Invited abstract in session MB-48: Advances in Location Analysis, stream Locational Analysis.
Monday, 10:30-12:00Room: Parkinson B09
Authors (first author is the speaker)
| 1. | Adam Dunajski
|
| School of Mathematics, University of Edinburgh | |
| 2. | Sergio GarcĂa Quiles
|
| School of Mathematics, University of Edinburgh | |
| 3. | Akshay Gupte
|
| School of Mathematics, University of Edinburgh |
Abstract
Classically in facility location problems both the choice of location and the customer allocation is completed by a central decision maker, and customers cannot choose amongst the open facilities. However, customer preferences may not align with those of the decision maker. Here customers can act as strategic agents and deviate from a proposed allocation. Such freedom of choice is present, for example, in school choice in the UK. Here parents have a right to express preferences over state schools, and all schools (except grammar schools) must offer a place to every child who has applied if they have space.
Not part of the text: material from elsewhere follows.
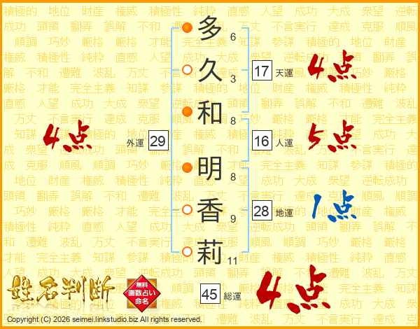 多(6画)久(3画)和(8画) 明(8画)香(9画)莉(11画)

This work focuses on how known ordinal customer preferences can be incorporated into integer linear programming formulations for the capacitated facility location problem. We build on the work of Hanjoul and Peeters (1987) on the uncapacitated variant and subsequent work strengthening their proposed formulations.
We incorporate solution concepts from the algorithmic game theory and stable matching communities, including Nash stability and swap stability, into the capacitated problem. Both single source (each customer must have their entire demand satisfied by a single facility) and fractional (the demand of a customer can be split over multiple facilities) allocations are considered.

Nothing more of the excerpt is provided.